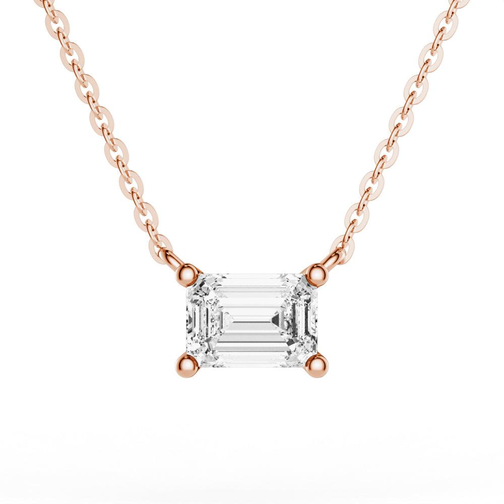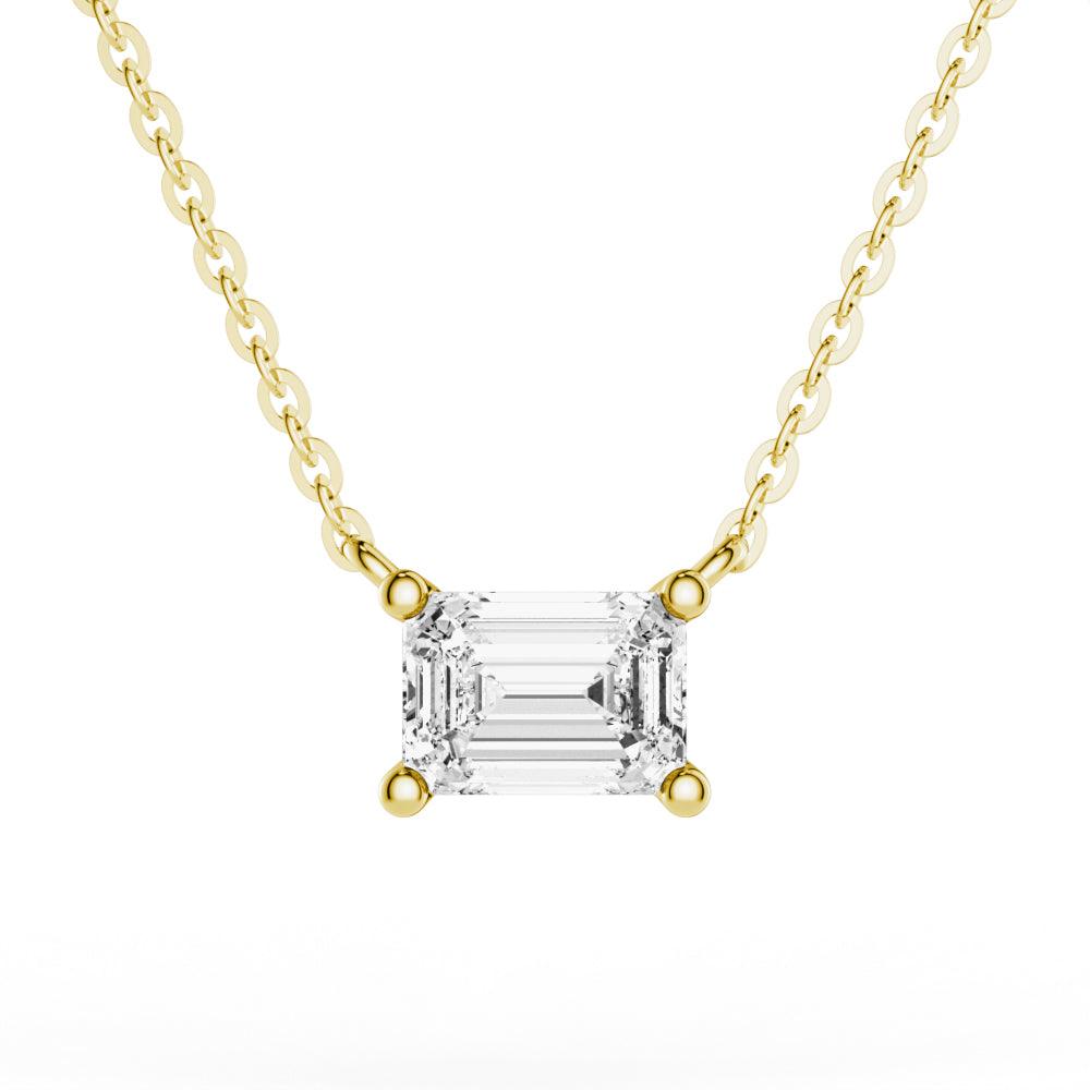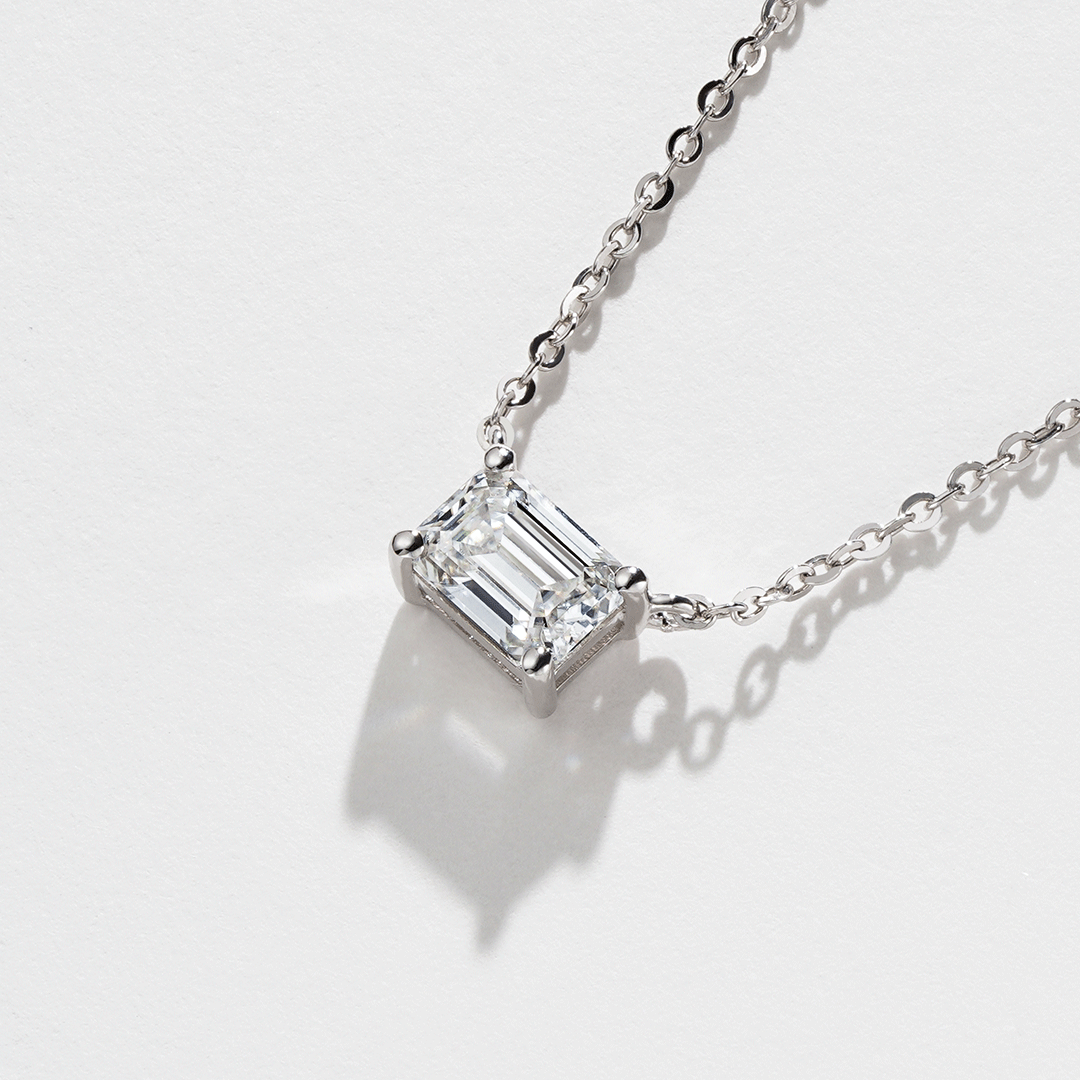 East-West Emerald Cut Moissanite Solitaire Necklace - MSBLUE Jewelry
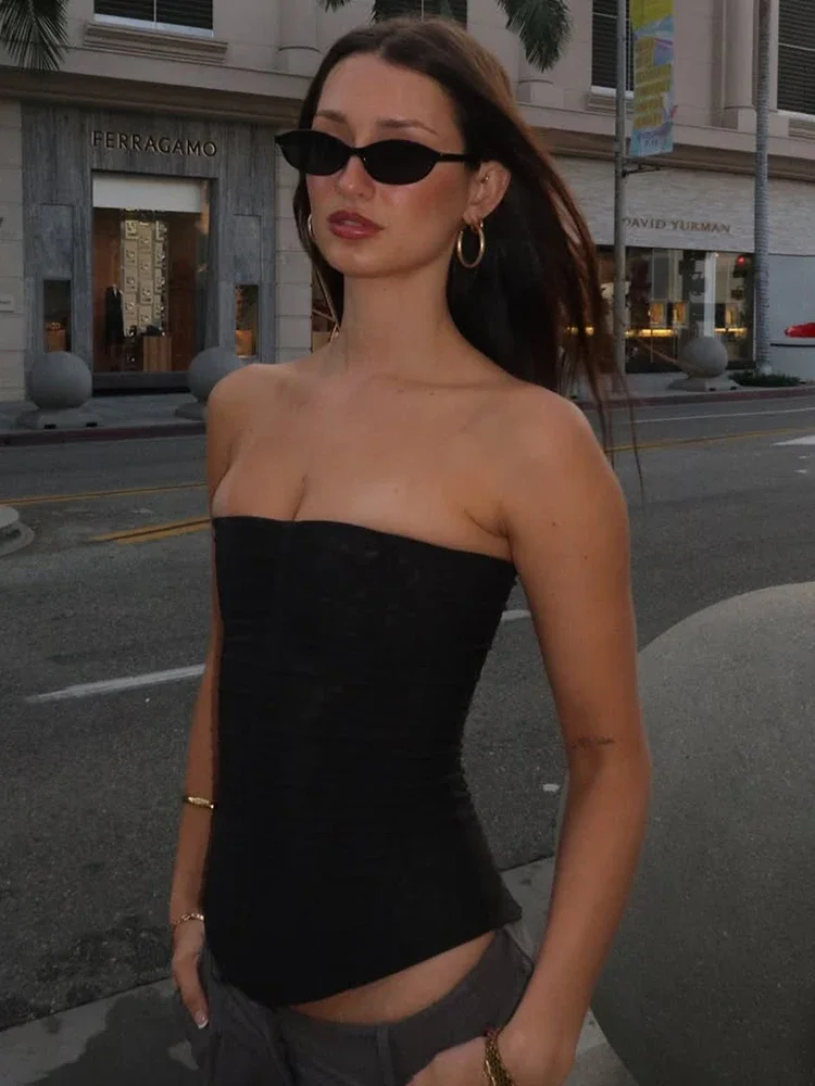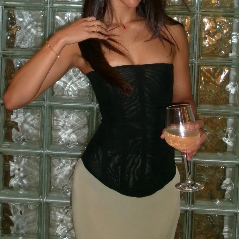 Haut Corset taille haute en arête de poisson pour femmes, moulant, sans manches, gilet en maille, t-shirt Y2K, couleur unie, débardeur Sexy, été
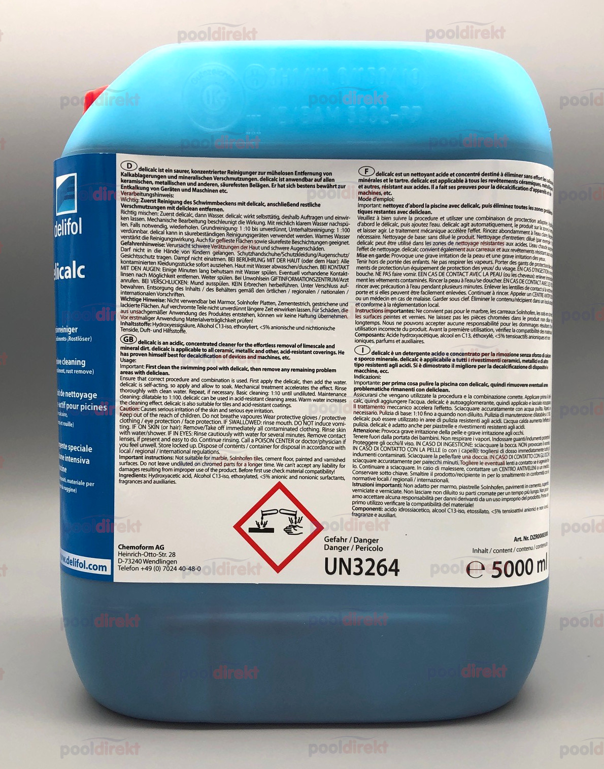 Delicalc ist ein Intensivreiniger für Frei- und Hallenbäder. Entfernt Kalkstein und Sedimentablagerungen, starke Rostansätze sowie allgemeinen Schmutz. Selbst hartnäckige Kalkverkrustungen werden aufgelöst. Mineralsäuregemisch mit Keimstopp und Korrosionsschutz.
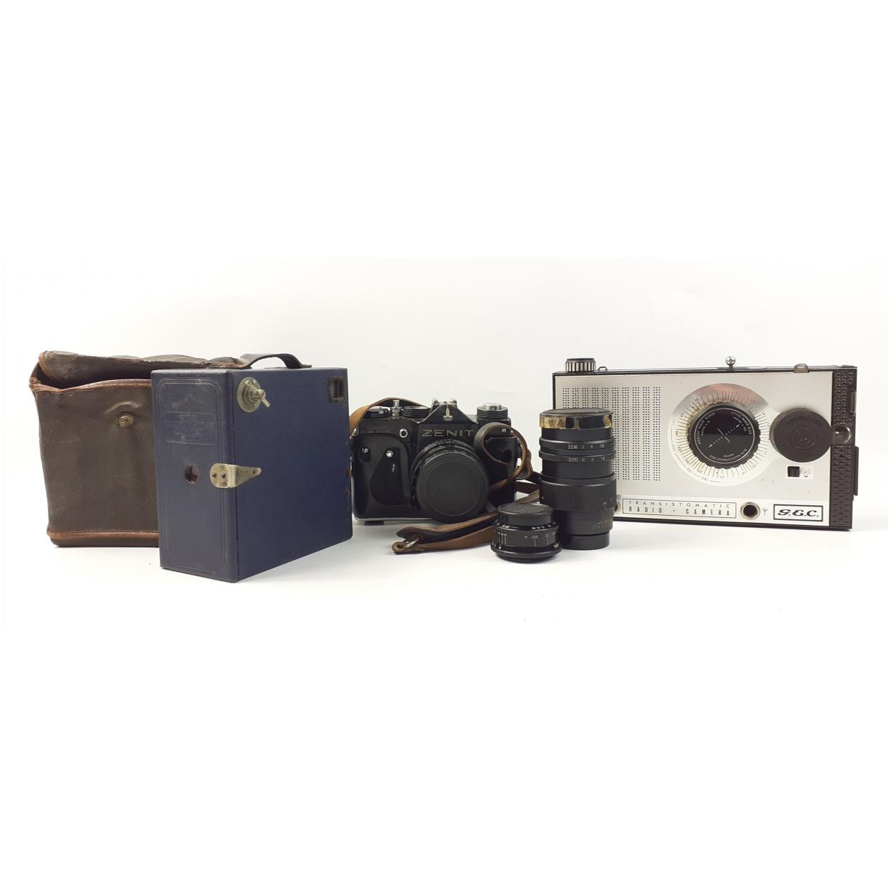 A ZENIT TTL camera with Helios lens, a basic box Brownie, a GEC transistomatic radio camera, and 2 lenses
+++
Pictures stay out; print everything else in the data exactly.

* **Result of the exercise**
 East-West Emerald Cut Moissanite Solitaire Necklace - MSBLUE Jewelry
 Haut Corset taille haute en arête de poisson pour femmes, moulant, sans manches, gilet en maille, t-shirt Y2K, couleur unie, débardeur Sexy, été
 Delicalc ist ein Intensivreiniger für Frei- und Hallenbäder. Entfernt Kalkstein und Sedimentablagerungen, starke Rostansätze sowie allgemeinen Schmutz. Selbst hartnäckige Kalkverkrustungen werden aufgelöst. Mineralsäuregemisch mit Keimstopp und Korrosionsschutz.
 A ZENIT TTL camera with Helios lens, a basic box Brownie, a GEC transistomatic radio camera, and 2 lenses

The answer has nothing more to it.